Controversy in context

In recent months, several items of note have been published here and at the national level that put the controversy in context. The shift in attendance boundaries was part of a much larger, and ultimately much more interesting and productive, long-term effort to close the achievement gap.

Susan Eaton
Photo Mathew SchwartzSusan Eaton

If you care at all about issues of race and equity in schools, it behooves you to read the most interesting of the pieces, by Susan Eaton of the Charles Hamilton Houston Institute for Race and Justice at Harvard Law School. Eaton’s eminently readable piece traces the decade preceding busing-gate, during which Krull and her team drilled down on the many issues confronting the district’s schools and made enviable strides toward closing its achievement gap.

In contrast to the whites vs. immigrants frame with which most local coverage was cast, Eaton approaches her piece through the lens of a Somali-American family that was distraught to learn that their student would be bused away from her hyper-segregated but beloved school, which had received special, gap-closing attention.

Reading gap ‘narrowed 16 percentage points’

A shorter read is Krull’s own piece on the strides made in the years before the blow-up, published last month in the Washington Post.

“It took several years to see the full impact of this work, but by 2012 some gaps were reduced by nearly 50 percent and students of color showed sizeable achievement gains,” Krull wrote. “For example, the gap between white students and black students in reading narrowed 16 percentage points from 2008, when the gap was 42 percentage points. All of this, while the performance of our white students continued to increase.”

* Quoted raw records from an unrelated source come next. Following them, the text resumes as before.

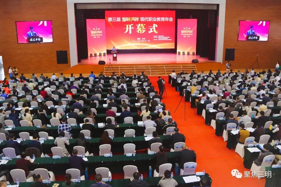 10月31日,由福建省教育厅主办的第三届海峡两岸现代职业教育年会在福建永安巴溪河畔的福建水利电力职业技术学院隆重开幕。来自海峡两岸120多所应用技术类大学、高职院校和中职学校的院校长等450多位专家学者齐聚一堂,共同探讨职业教育发展,积极筹划校际交流合作,促进海峡两岸现代职业教育繁荣发展。福建省教育厅副厅长陈国龙、三明市人民政府副市长张文珍、台湾中华未来学校教育学会总顾问饶达钦等出席开幕式并致辞。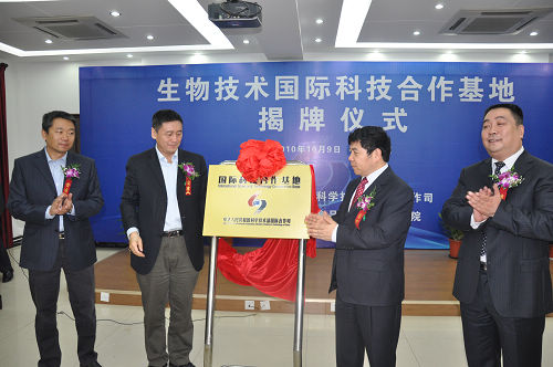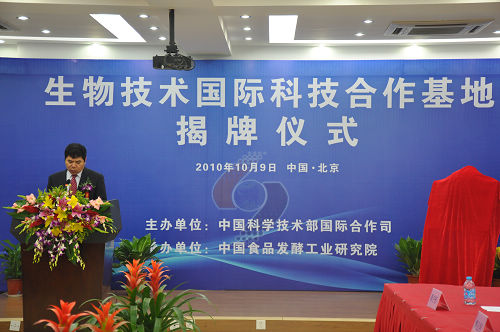 10月9日,科技部“生物技術(shù)國(guó)際科技合作基地” 揭牌儀式在集團(tuán)食品發(fā)酵院隆重舉行??萍疾繃?guó)際合作司靳曉明司長(zhǎng)、綜合與計(jì)劃處張健處長(zhǎng)、集團(tuán)陳鄂生董事長(zhǎng)、食品發(fā)酵院蔡木易院長(zhǎng)等出席了此次揭牌儀式。靳曉明司長(zhǎng)和陳鄂生董事長(zhǎng)共同為生物技術(shù)國(guó)際科技合作基地揭牌。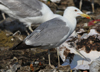 Late summer observations around the year 2000 made on landfills at the Baltic Sea by one of the authors, gave Ronald Klein the impression that the proportion of the Yellow-legged Gull had decreased compared with the 1990s. For instance, August/September 1995 daily maximum numbers were estimated to be 50 Caspian and 80-100 Yellow-legged Gulls (mostly 1CY birds) among about 5000 Herring Gulls, and these were no extraordinary figures. It has to be mentioned no systematic counts were conducted, because ring readings on large gulls always had priority. Apparently, five years later Caspian Gulls were recorded about twice as often as Yellow-legged Gull in late summer. Currently the feeding situation has deteriorated significantly and former figures are generally not achieved anymore. Since June 2005 it is not allowed anymore to landfill untreated domestic waste. Only a few landfills are still operating and in the best case only a few hundred large gulls are present around the composting area. Nowadays you can find gulls among lapwings, loosely distributed even on dry farmland (a new phenomenon for large gulls), and birds more often appear at waterbird feeding stations in tourist and fishing ports like Warnemünde and Burgstaaken / Fehmarn where they can be really "tame". Apparently a change of feeding ecology seems to take place at present. Whether this will turn out to have long term selective advantages for the better-fitted terrestrial Caspian Gull (Klein 2001) remains to be seen.

Finally, earlier this year Star Tribune commentator and Center of the American Experiment Senior Fellow Katherine Kersten authored a report concluding that the Eden Prairie experience was “a race-based recipe for disaster.”

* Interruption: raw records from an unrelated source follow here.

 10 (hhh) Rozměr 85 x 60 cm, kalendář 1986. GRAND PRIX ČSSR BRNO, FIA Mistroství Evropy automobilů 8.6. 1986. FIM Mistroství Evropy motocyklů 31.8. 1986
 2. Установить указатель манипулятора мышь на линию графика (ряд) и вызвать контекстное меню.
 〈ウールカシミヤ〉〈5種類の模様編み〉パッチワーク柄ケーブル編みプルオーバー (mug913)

Same ground, but different take

Katherine Kersten
MinnPost file photo by Bill KelleyKatherine Kersten

Kersten was kind enough to send Your Humble Blogger a copy of her study — which I read every word of and then could not figure out what to do with. It recovers in great detail much of the same ground as Eaton’s piece, noting that gap-closing strategies were working in segregated schools.

But where Krull saw the rising test scores as a great first step that would not be sustained without equity, Kersten warns that the saga threatens to provoke an educational adequacy suit against the state with the ultimate aim of returning to the era of busing.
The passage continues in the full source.